Question

I'll become a fan of anyone who can explain this.
How would I answer the following:
What is the pH of .5 M NaF? the Ka of HF is 4.5e-4.

Answer 1

pH = -log\([H^+]\)

Answer 2

p = P - x H+ y.

Answer 3

what equation is that?

Answer 4

ill give you a hint:

when you put NaF in water it will dissociate into Na+ and F-, some of the F- will steal H's from water making OH- in the process

F- + H2O <-> HF + OH-

the Ka given is for the dissociation of HF into H+ and F-

HF <-> H+ + F-
Ka = [H+][F-]/[HF]

Answer 5

what would I do next?

Answer 6

you have to use the Kb value for HF and set up an equilibrium expression of this equation: F- + H2O <-> HF + OH-

Answer 7

ps.

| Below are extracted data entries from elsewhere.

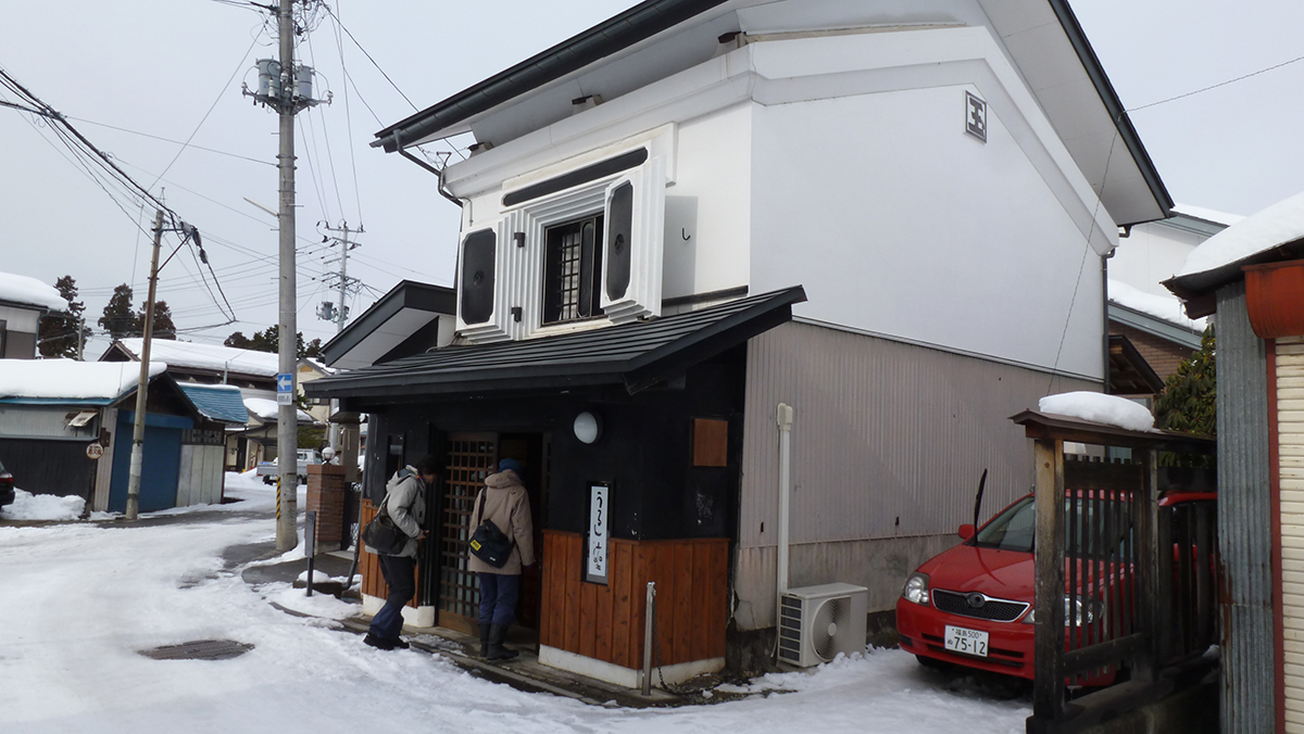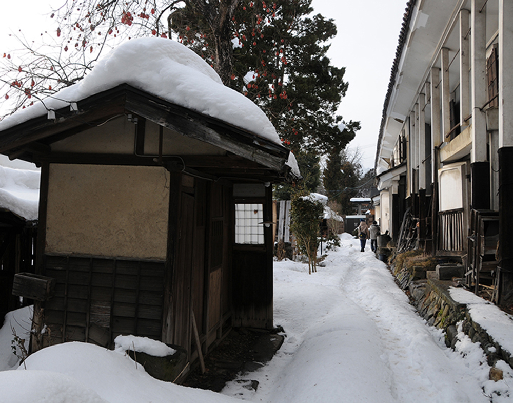 The two Norwegian artists and I seem to be the only westerners in town and as we were on TV together with our lead Japanese artist Yoshiko Maruyama early on we seem to be known wherever we go. The fact that we are holding the exhibition in the most historically important Kura has also attracted people who rarely get a chance to see inside this privately owned building. It is preserved but un-restored with no glass in doors or windows and only limited electricity, so a chilly place in sub zero temperatures. It is the largest Kura in town, being three separate Kura buildings linked together. A Kura is a traditional rice storage barn and, with the town being in the centre of a very large and fertile rice growing area, there are huge numbers. The Mayor told us there are estimated to be 20,000 Kuras in and near the city. There was a saying that every man born in Kitakata should build his own Kura, and with a current population of 40,000 the numbers still stack up.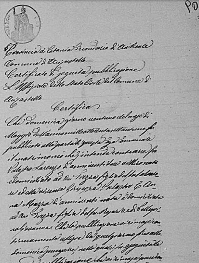 Marriage Cert of Salvatore and Josephine, possibly 1907, Aci Trezza.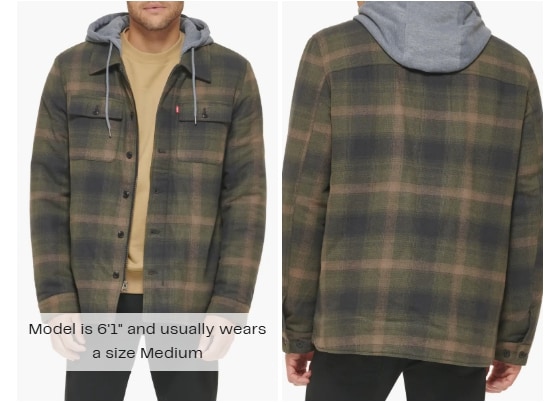 Plaid Faux Shearling Lined Jersey Hood Shirt Jacket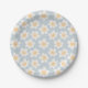 Retro style daisies in bloom on blue background paper plate
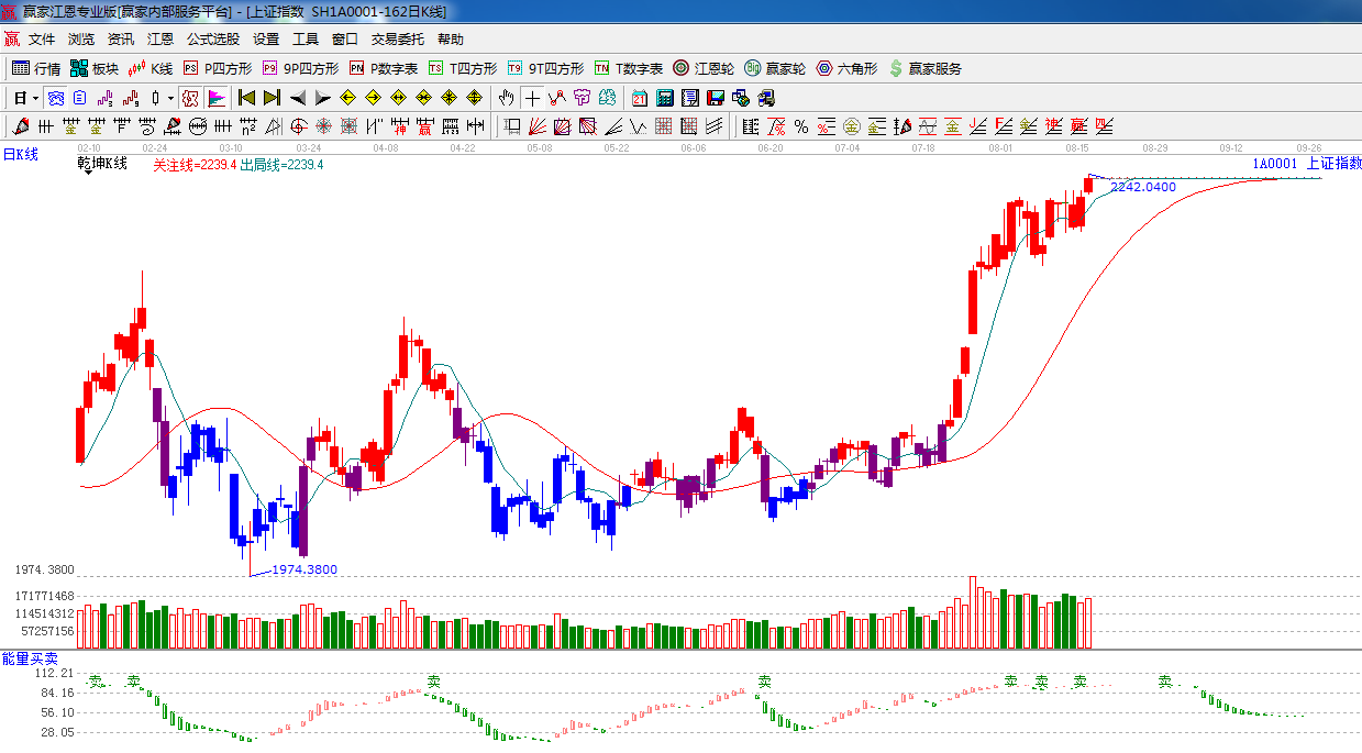 ★依據(jù)贏家江恩系統(tǒng)波段百分比提示:跳空突破180度2232點,進(jìn)一步延伸阻力 位225度是2254點,240度2261點,180度2232轉(zhuǎn)換為支撐。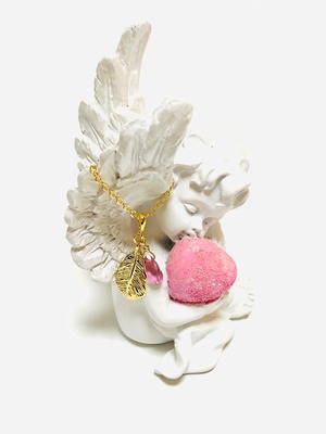 ピンクトパーズと羽根のネックレスです。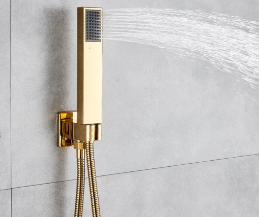 Stylowy i nowoczesny zestaw prysznicowy podtynkowy z deszczownicą, wylewką i słuchawką prysznicową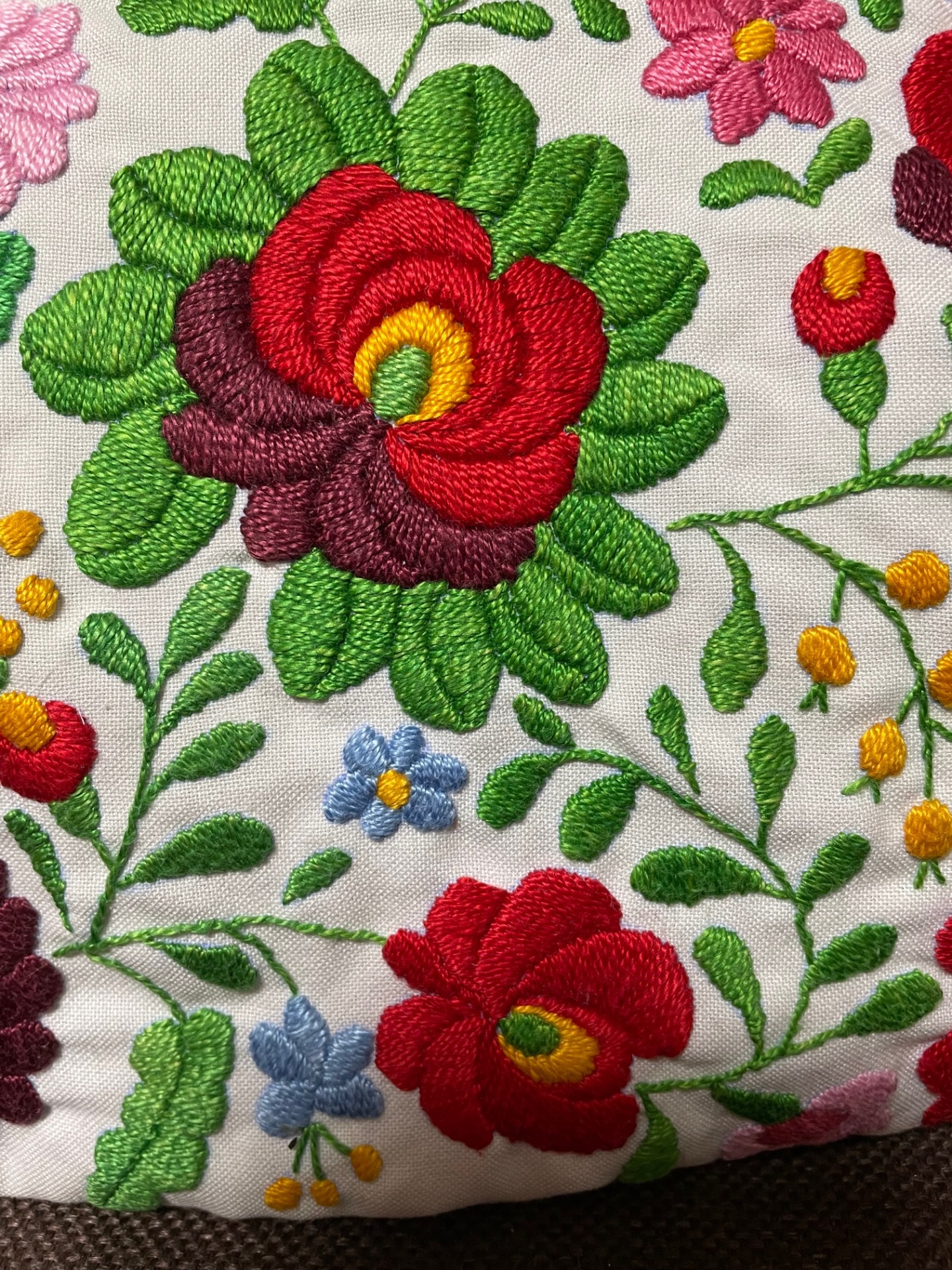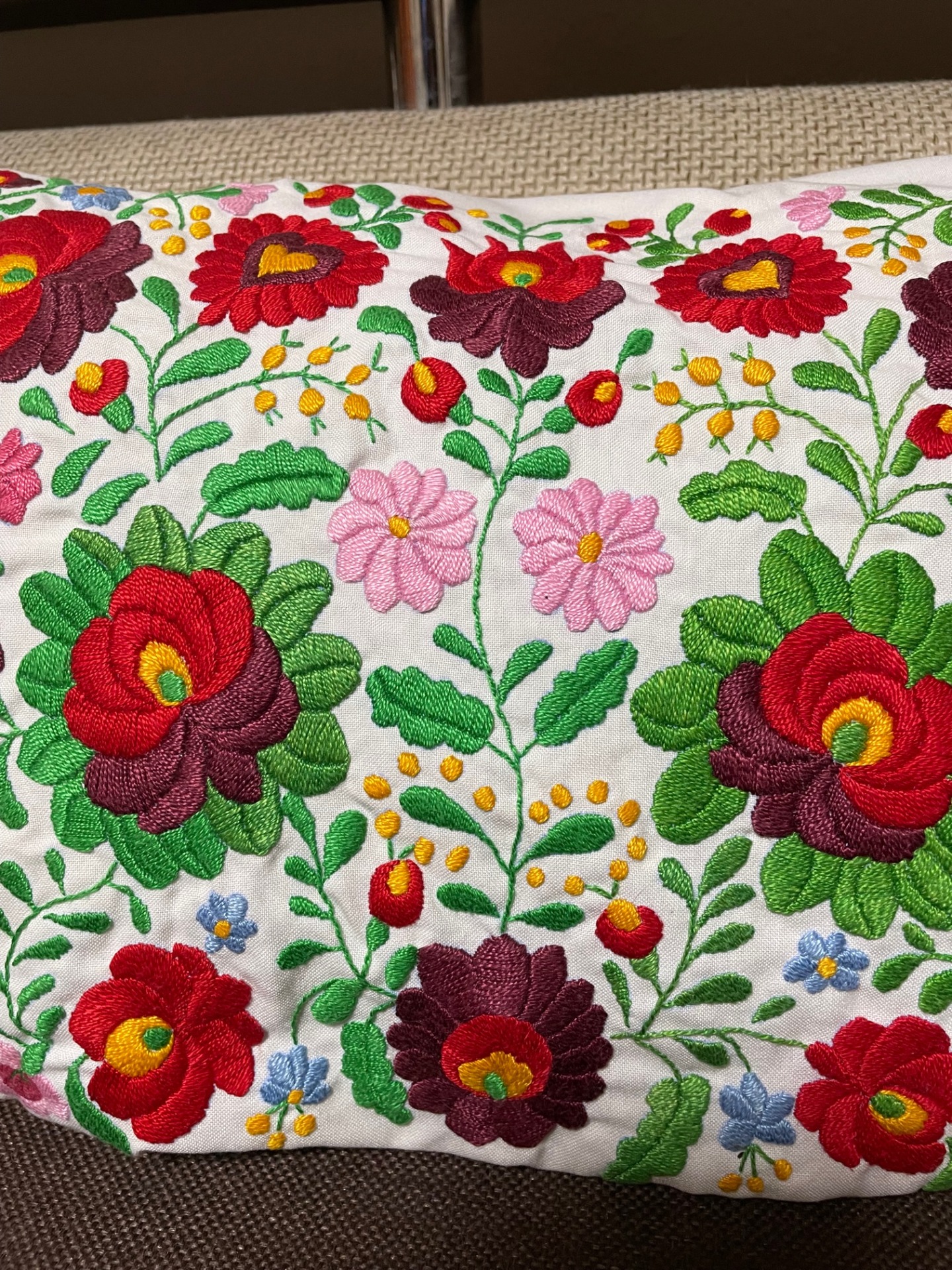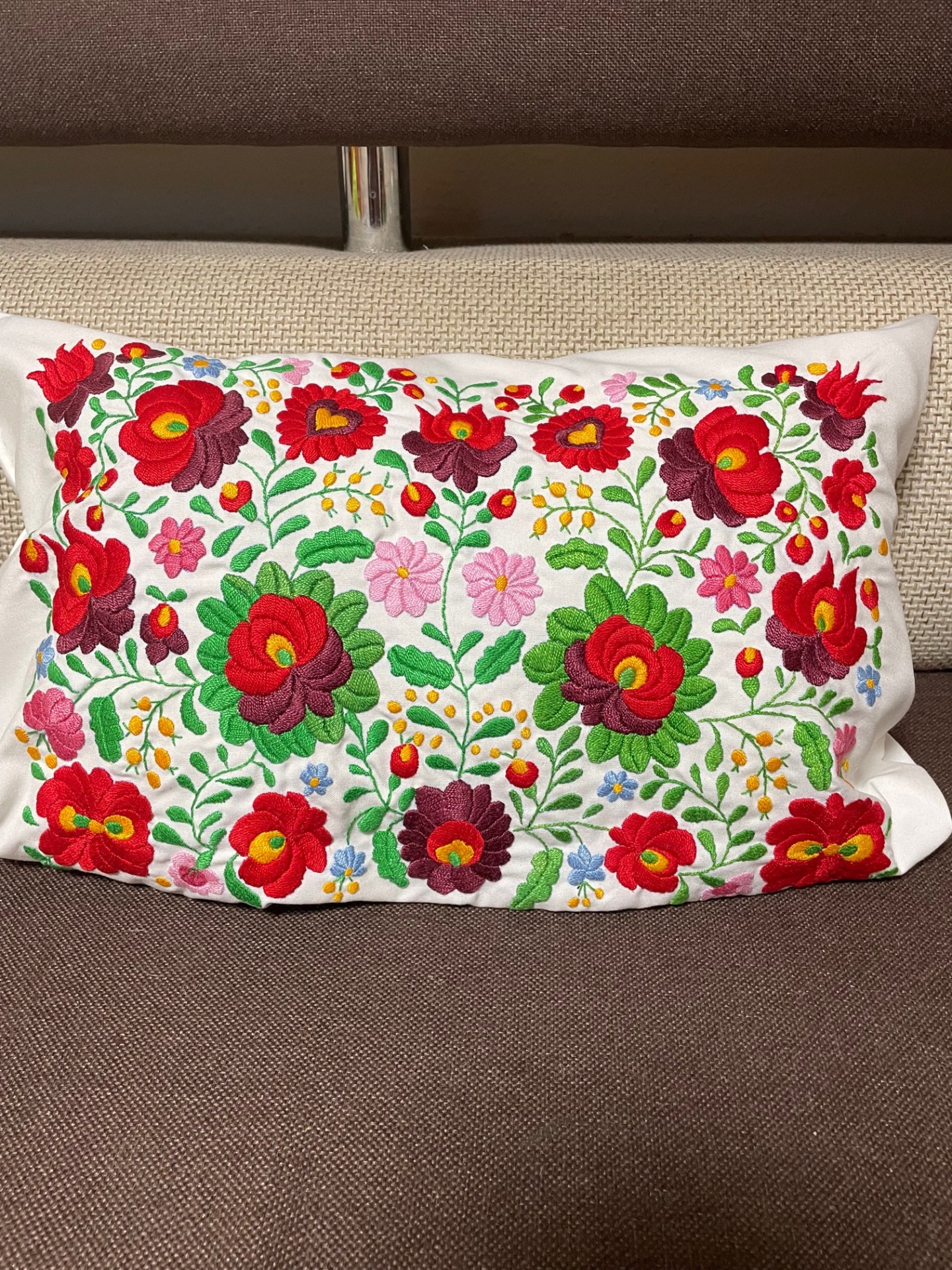 Kézzel hímzett díszpárna huzat - matyó mintasorral.
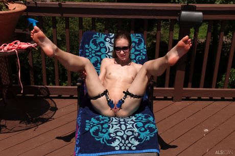 Naked teen Nadia Noja removes her bikini to pose nude in a backyard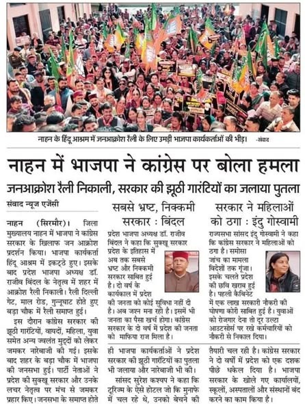 नाहन में भाजपा की जन आक्रोश रैली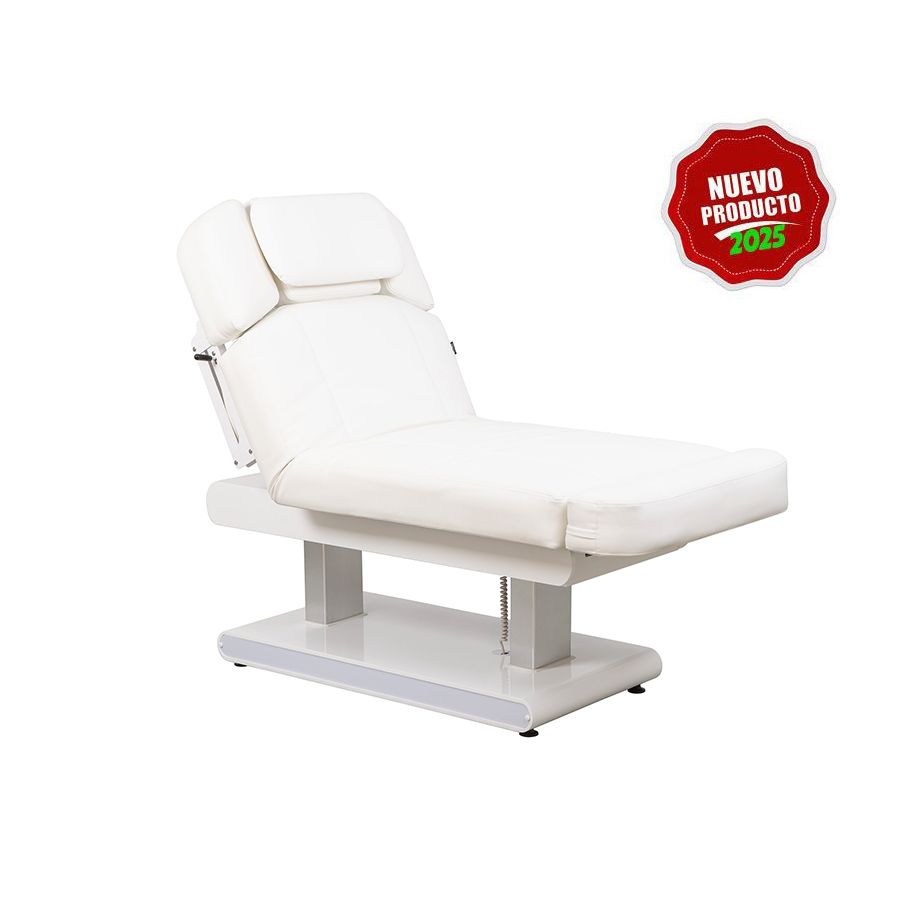 La Camilla de SPA Modelo Atlant con calefacción integrada, incorpora de 4 motores que regulan la altura, el respaldo, el reposapiés y la inclinación total con máxima suavidad y silencio. Además, cuenta con un colchón multicapa de gran grosor con calefacción de doble intensidad, y tapizado PU blanco de alta calidad. Su base dispone de una robusta estructura de madera con LED multicolor, y su cabezal extraíble, está dotado con agujero facial con un práctico cojín rectangular para una máxima comodidad.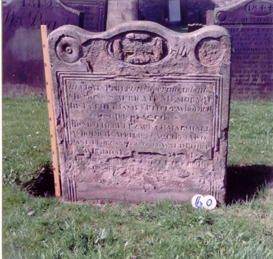 Inscription 2 | (from old record 167 as memorial badly flaked) NOTE: REV J PHILP WAS GRANDSON OF JAS. PHILP DEACON OF THE HAMMERMEN 1742-44. HE JOINED THE CONGREGATIONAL MINISTRY AND EMIGRATED TO SOUTH AFRICA - VARIOUS DESCENDANTS ARE MENTIONED IN "THE SCOTTISH GENEALOGIST". (Civic Society Plaque alongside memorial) |

Kw=Ka*Kb

Answer 8

So eventually I got the Kb to be 2.2e-11

Answer 9

If I take the -log of that and then subtract that value from 14, is that the pH?

Answer 10

@aaronq

Answer 11

you have to find OH- from the equilibrium expression you set up

Answer 12

Kb does not go into -log[H+]

Answer 13

can you show me how?

Answer 14

so pH does not equal pKa?

Answer 15

nope, pH is related to the hydronium concentration, pKa is the point where half of the acid is in protonated and half in deprotonated forms

Answer 16

F- + H2O <-> HF + OH-

Kb=products/reactants

Answer 17

?